EXERCISE OBJECTIVE —
For the material below, the expected output is exactly the lines between the line holding "Coppa ad alzatina" and the line holding "De Gooi- en", inclusive, with pictures left out.

SOURCE RECORDS —
################
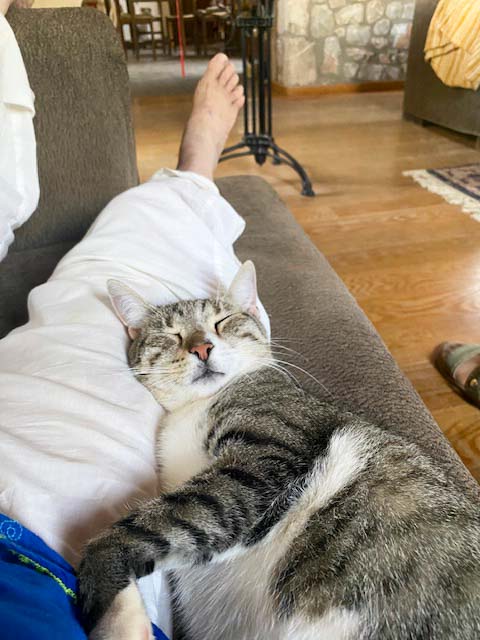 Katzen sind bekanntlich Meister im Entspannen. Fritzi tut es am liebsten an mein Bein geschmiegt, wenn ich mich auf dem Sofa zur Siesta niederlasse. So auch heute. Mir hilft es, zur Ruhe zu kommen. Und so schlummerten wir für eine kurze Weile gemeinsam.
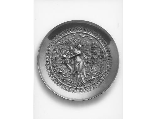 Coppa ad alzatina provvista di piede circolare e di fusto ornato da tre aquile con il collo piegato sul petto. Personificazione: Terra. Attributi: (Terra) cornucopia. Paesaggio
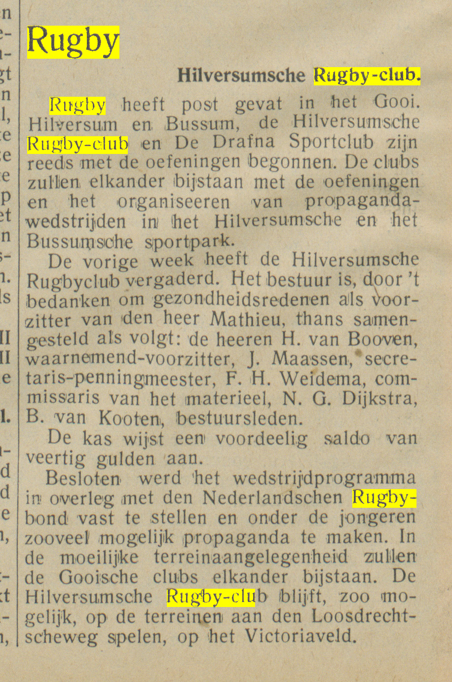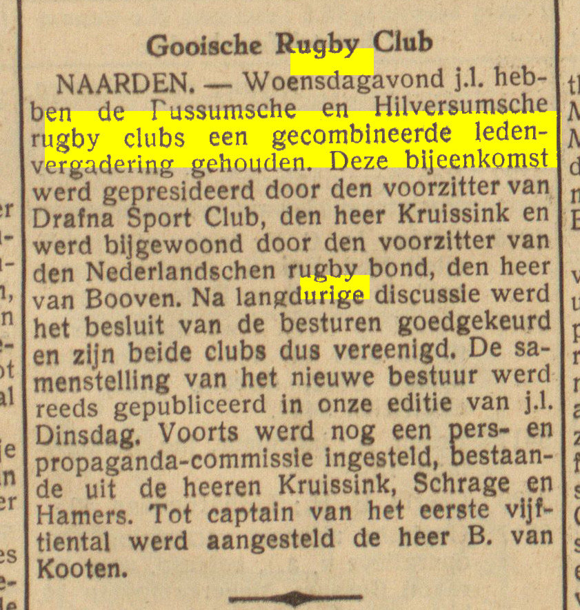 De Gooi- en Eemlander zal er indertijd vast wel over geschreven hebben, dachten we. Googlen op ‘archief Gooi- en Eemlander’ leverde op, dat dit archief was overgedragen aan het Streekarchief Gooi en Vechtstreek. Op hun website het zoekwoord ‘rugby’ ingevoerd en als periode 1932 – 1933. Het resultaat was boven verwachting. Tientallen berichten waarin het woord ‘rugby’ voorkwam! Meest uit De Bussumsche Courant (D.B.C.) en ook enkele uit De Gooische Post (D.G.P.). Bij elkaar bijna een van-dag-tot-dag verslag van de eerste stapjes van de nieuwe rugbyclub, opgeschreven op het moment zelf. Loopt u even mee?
################
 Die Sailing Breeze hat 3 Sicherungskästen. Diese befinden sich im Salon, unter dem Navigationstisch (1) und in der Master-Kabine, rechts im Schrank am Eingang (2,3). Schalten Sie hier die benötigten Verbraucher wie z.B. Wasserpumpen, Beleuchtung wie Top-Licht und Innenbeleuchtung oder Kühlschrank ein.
################
WRITTEN RESPONSE —
 Coppa ad alzatina provvista di piede circolare e di fusto ornato da tre aquile con il collo piegato sul petto. Personificazione: Terra. Attributi: (Terra) cornucopia. Paesaggio
 De Gooi- en Eemlander zal er indertijd vast wel over geschreven hebben, dachten we. Googlen op ‘archief Gooi- en Eemlander’ leverde op, dat dit archief was overgedragen aan het Streekarchief Gooi en Vechtstreek. Op hun website het zoekwoord ‘rugby’ ingevoerd en als periode 1932 – 1933. Het resultaat was boven verwachting. Tientallen berichten waarin het woord ‘rugby’ voorkwam! Meest uit De Bussumsche Courant (D.B.C.) en ook enkele uit De Gooische Post (D.G.P.). Bij elkaar bijna een van-dag-tot-dag verslag van de eerste stapjes van de nieuwe rugbyclub, opgeschreven op het moment zelf. Loopt u even mee?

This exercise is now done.